▶ [Task requirements] Give back the lines below verbatim, omitting all pictures.

▶ [Records for this task]
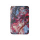 This red agate crystal geode inspired abstract design features bright scarlet red, deep ruby red, black, cerulean blue and creamy off-white shades.
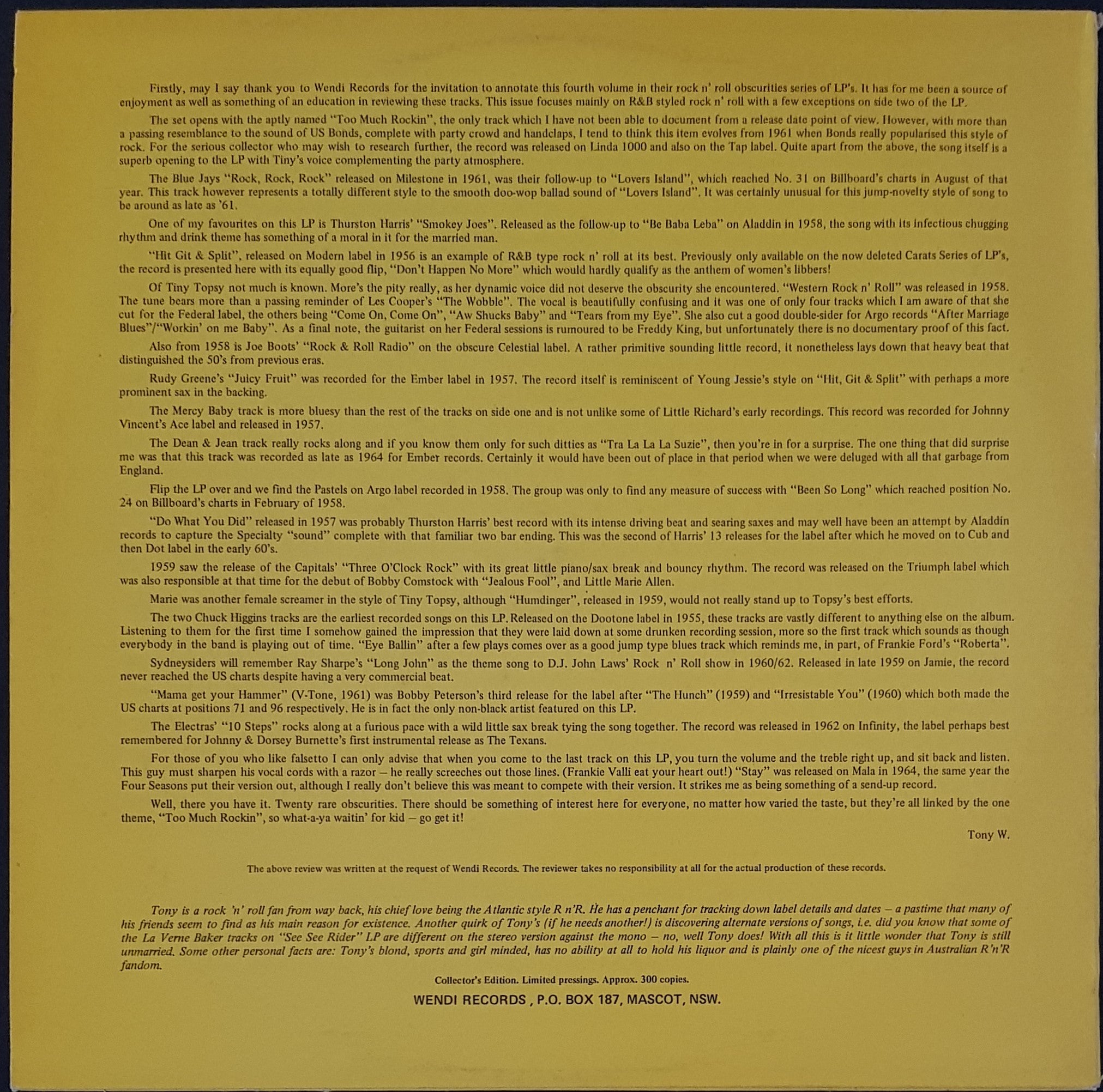Killer Compilation. WENDI 000004. Fetures Tiny Lewis, Blue Jays, Young Jessie, Dean & Jean, Pastels, Thurston Harris, Chuck Higgins +++++. Minor Wear & Scuffing on Cover + Small Sticker on Front
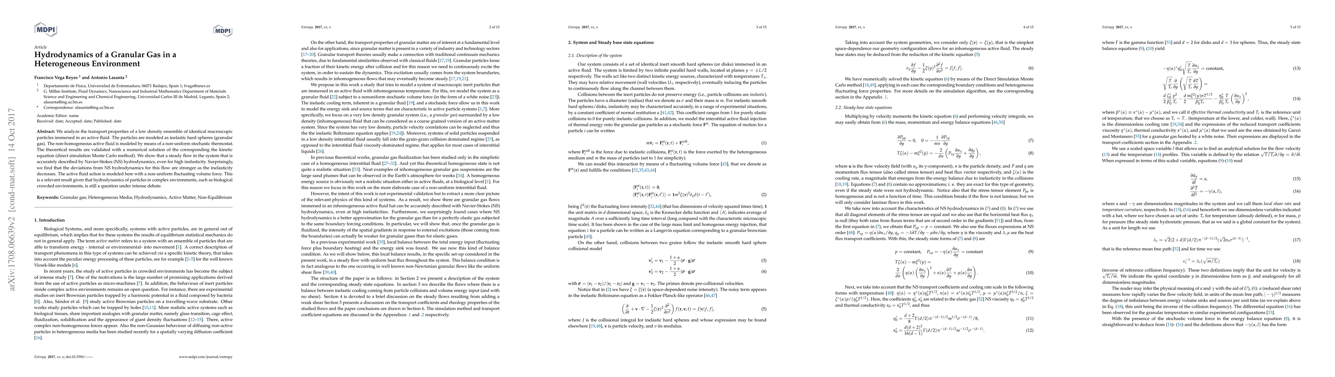 This paper investigates the transport properties of granular particles in a non-homogeneous active fluid, modeled as inelastic hard spheres, and finds that Navier-Stokes hydrodynamics accurately describes steady flow despite high inelasticity. Surprisingly, deviations from NS hydrodynamics are more pronounced with lower inelasticity, highlighting complexities in particle dynamics in heterogeneous environments.
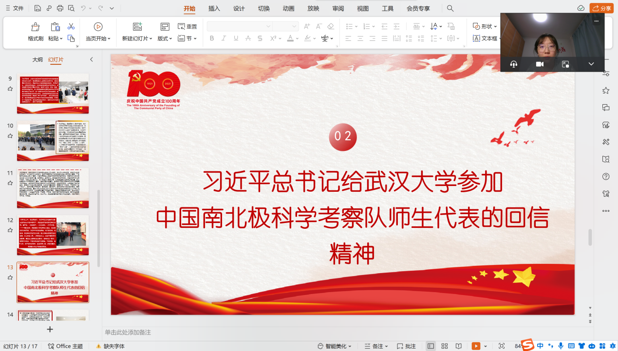 李心怡同志针对习近平总书记给武汉大学参加中国南北极科学考察队师生代表的回信精神发表了自己的学习感悟:习近平总书记的回信不仅让我们看到国家对极地研究的重视,更让我感到使命光荣、责任重大。在以后的学习和生活中以习近平总书记的殷切希望为努力的方向,牢记使命,砥砺前行。也要以习近平总书记回信为契机,发挥学科优势,继续砥砺奋斗,“用国家的大事业磨砺青年人的真本领”,加强国际交流与合作。
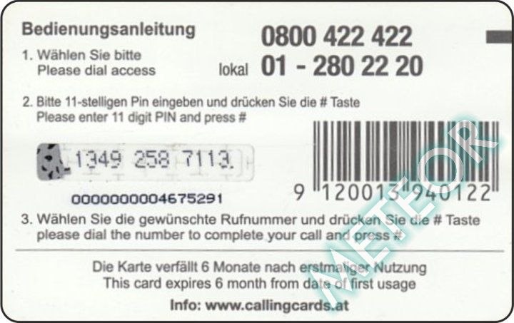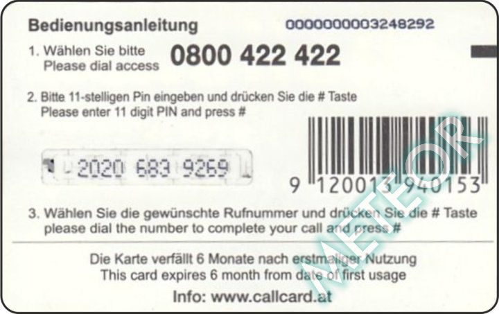 Bemerkung: EW-Nr. endet mit 422; S-Nr. rechts oben, PIN genadelt
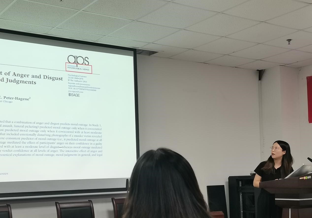 接着研二同学陈旋带来了对,《The Interactive Effect of Anger and Disgust on Moral Outrage and Judgments》的分享,她从研究背景、方法和结果、讨论三个部分对这篇文献进行了详细的讲解。陈旋同学先介绍了道德义愤的概念,并由先前研究和事例提出假设1:a.愤怒在只有与至少适度的厌恶同时出现时,才能显著预测道德义愤;b.厌恶在只有与至少适度的愤怒同时出现时,才能显著预测道德义愤。假设2:a.道德义愤在愤怒与有罪判决信心的关系中起到中介作用;b.道德义愤在厌恶与有罪判决信心的关系中也存在中介作用。假设3:a.愤怒在只有与至少适度的厌恶同时出现时,道德义愤在愤怒与有罪判决信心的关系中才起到中介作用;b.厌恶在只有与至少适度的愤怒同时出现时,道德义愤在厌恶与有罪判决信心的关系中才起到中介作用。本文通过回归分析验证了相关假设。在最后,朱晓伟老师提出了关于本篇文章研究的可行建议,并希望同学们好好学习借鉴本文章的方法。连帅磊老师也提到同学们写文章时可以选用本文用到的简单效应分析方法。
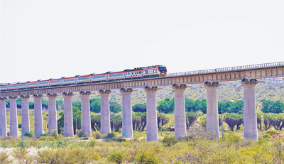 一列客运列车行驶在肯尼亚察沃国家公园附近的蒙内铁路察沃河特大桥上。 本报记者 黄炜鑫摄
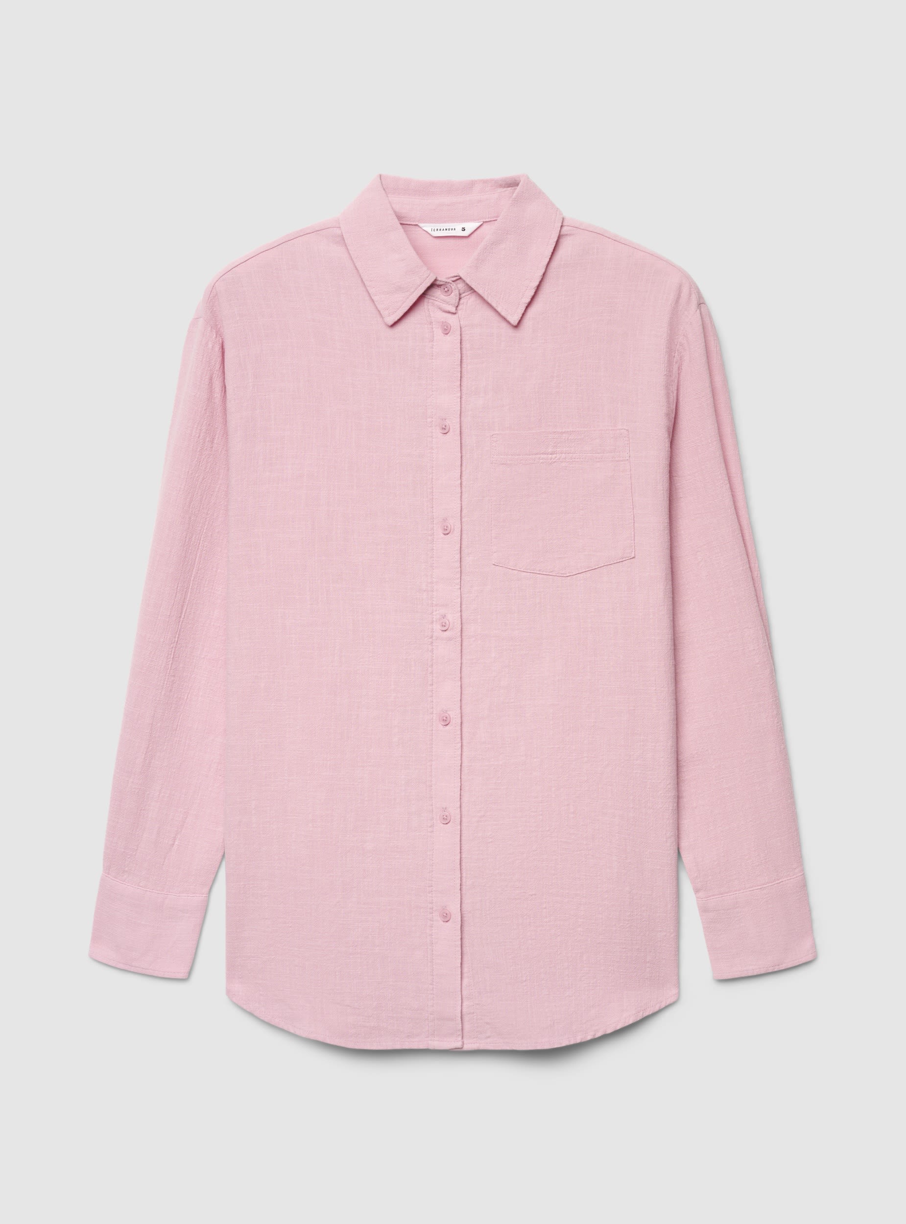 Camicia da donna a tinta unita con collo classico e maniche lunghe, ideale per l’ufficio e il tempo libero. Chiusura frontale con bottoni e taschino applicato sul petto, fondo stondato per indossarla anche aperta su top o maglietta. Vestibilità regular che si abbina a jeans o pantaloni eleganti per look versatili dal giorno alla sera.Dettagli

▶ [Written reply]
 This red agate crystal geode inspired abstract design features bright scarlet red, deep ruby red, black, cerulean blue and creamy off-white shades.
Killer Compilation. WENDI 000004. Fetures Tiny Lewis, Blue Jays, Young Jessie, Dean & Jean, Pastels, Thurston Harris, Chuck Higgins +++++. Minor Wear & Scuffing on Cover + Small Sticker on Front
 This paper investigates the transport properties of granular particles in a non-homogeneous active fluid, modeled as inelastic hard spheres, and finds that Navier-Stokes hydrodynamics accurately describes steady flow despite high inelasticity. Surprisingly, deviations from NS hydrodynamics are more pronounced with lower inelasticity, highlighting complexities in particle dynamics in heterogeneous environments.
 李心怡同志针对习近平总书记给武汉大学参加中国南北极科学考察队师生代表的回信精神发表了自己的学习感悟:习近平总书记的回信不仅让我们看到国家对极地研究的重视,更让我感到使命光荣、责任重大。在以后的学习和生活中以习近平总书记的殷切希望为努力的方向,牢记使命,砥砺前行。也要以习近平总书记回信为契机,发挥学科优势,继续砥砺奋斗,“用国家的大事业磨砺青年人的真本领”,加强国际交流与合作。
 Bemerkung: EW-Nr. endet mit 422; S-Nr. rechts oben, PIN genadelt
 接着研二同学陈旋带来了对,《The Interactive Effect of Anger and Disgust on Moral Outrage and Judgments》的分享,她从研究背景、方法和结果、讨论三个部分对这篇文献进行了详细的讲解。陈旋同学先介绍了道德义愤的概念,并由先前研究和事例提出假设1:a.愤怒在只有与至少适度的厌恶同时出现时,才能显著预测道德义愤;b.厌恶在只有与至少适度的愤怒同时出现时,才能显著预测道德义愤。假设2:a.道德义愤在愤怒与有罪判决信心的关系中起到中介作用;b.道德义愤在厌恶与有罪判决信心的关系中也存在中介作用。假设3:a.愤怒在只有与至少适度的厌恶同时出现时,道德义愤在愤怒与有罪判决信心的关系中才起到中介作用;b.厌恶在只有与至少适度的愤怒同时出现时,道德义愤在厌恶与有罪判决信心的关系中才起到中介作用。本文通过回归分析验证了相关假设。在最后,朱晓伟老师提出了关于本篇文章研究的可行建议,并希望同学们好好学习借鉴本文章的方法。连帅磊老师也提到同学们写文章时可以选用本文用到的简单效应分析方法。
 一列客运列车行驶在肯尼亚察沃国家公园附近的蒙内铁路察沃河特大桥上。 本报记者 黄炜鑫摄
 Camicia da donna a tinta unita con collo classico e maniche lunghe, ideale per l’ufficio e il tempo libero. Chiusura frontale con bottoni e taschino applicato sul petto, fondo stondato per indossarla anche aperta su top o maglietta. Vestibilità regular che si abbina a jeans o pantaloni eleganti per look versatili dal giorno alla sera.Dettagli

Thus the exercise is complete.